# [DIRECTIONS]
When you reach the line containing "- 現在のレイアウトでは応接", begin reproducing the material exactly, stop after the line containing "开班典礼由教育信息技术学院党", and leave out any pictures along the way.

# [RECORDS FOR PROCESSING]
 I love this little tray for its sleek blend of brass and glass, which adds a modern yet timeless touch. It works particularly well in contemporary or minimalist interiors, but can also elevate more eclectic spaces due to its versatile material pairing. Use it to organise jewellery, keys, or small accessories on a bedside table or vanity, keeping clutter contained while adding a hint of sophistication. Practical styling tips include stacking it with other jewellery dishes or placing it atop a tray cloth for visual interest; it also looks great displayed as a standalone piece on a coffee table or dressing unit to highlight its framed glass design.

==

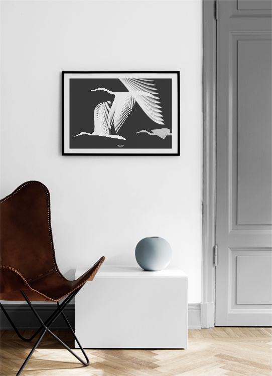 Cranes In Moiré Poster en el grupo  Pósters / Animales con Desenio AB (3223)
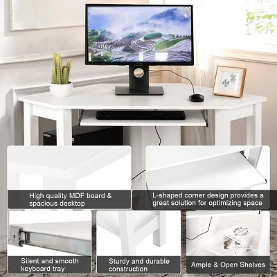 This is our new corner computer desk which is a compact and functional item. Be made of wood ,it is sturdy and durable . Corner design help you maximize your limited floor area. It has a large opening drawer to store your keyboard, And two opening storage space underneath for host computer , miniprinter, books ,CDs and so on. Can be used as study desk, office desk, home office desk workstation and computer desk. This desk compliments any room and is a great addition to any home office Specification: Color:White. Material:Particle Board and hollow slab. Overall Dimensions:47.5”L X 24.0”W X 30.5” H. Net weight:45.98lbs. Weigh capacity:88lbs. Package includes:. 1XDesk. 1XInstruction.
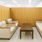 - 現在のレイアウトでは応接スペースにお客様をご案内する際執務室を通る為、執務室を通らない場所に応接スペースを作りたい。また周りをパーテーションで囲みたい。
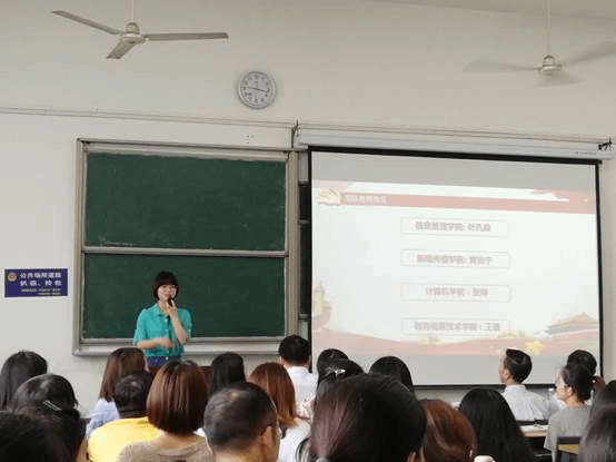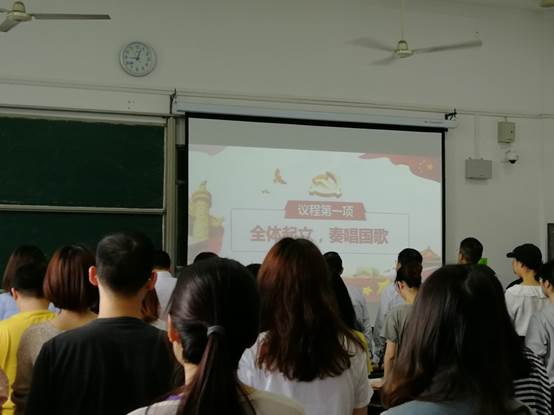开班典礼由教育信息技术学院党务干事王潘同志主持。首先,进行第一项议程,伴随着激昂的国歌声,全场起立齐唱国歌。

# [EXPECTED OUTPUT]
 - 現在のレイアウトでは応接スペースにお客様をご案内する際執務室を通る為、執務室を通らない場所に応接スペースを作りたい。また周りをパーテーションで囲みたい。
开班典礼由教育信息技术学院党务干事王潘同志主持。首先,进行第一项议程,伴随着激昂的国歌声,全场起立齐唱国歌。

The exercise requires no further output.